***** TASK INPUT

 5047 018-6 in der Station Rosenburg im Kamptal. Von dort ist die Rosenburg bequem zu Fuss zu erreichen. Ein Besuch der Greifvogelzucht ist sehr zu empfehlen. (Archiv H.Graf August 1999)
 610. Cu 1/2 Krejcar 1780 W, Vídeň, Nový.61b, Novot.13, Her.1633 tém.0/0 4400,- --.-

**********
***** TASK INPUT

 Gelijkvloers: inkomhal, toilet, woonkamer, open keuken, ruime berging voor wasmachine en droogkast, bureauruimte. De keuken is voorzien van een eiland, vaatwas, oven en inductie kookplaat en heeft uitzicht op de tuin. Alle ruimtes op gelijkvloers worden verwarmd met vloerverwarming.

**********
***** TASK INPUT

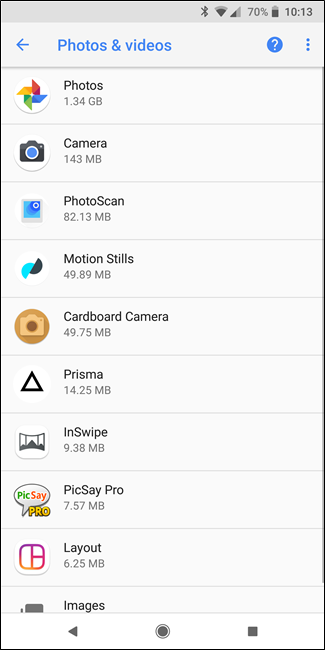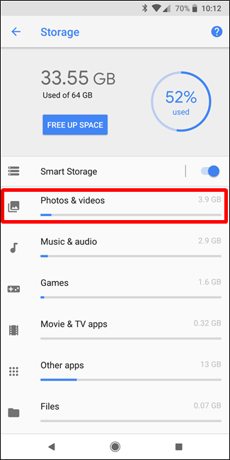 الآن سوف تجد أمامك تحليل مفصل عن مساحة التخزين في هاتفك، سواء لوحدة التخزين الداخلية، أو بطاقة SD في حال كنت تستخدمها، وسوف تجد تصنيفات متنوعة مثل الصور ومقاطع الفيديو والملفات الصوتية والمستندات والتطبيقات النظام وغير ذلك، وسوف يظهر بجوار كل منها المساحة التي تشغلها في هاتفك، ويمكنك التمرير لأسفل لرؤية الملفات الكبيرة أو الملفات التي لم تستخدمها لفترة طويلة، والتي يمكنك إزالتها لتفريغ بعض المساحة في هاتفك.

**********

→ **TASK OBJECTIVE**:
Output should match, line for line, the stretch of the material above from the line holding "5047 018-6 in" through the line holding "610. Cu 1/2".

→ **RESPONSE TO THIS EXERCISE**:
 5047 018-6 in der Station Rosenburg im Kamptal. Von dort ist die Rosenburg bequem zu Fuss zu erreichen. Ein Besuch der Greifvogelzucht ist sehr zu empfehlen. (Archiv H.Graf August 1999)
 610. Cu 1/2 Krejcar 1780 W, Vídeň, Nový.61b, Novot.13, Her.1633 tém.0/0 4400,- --.-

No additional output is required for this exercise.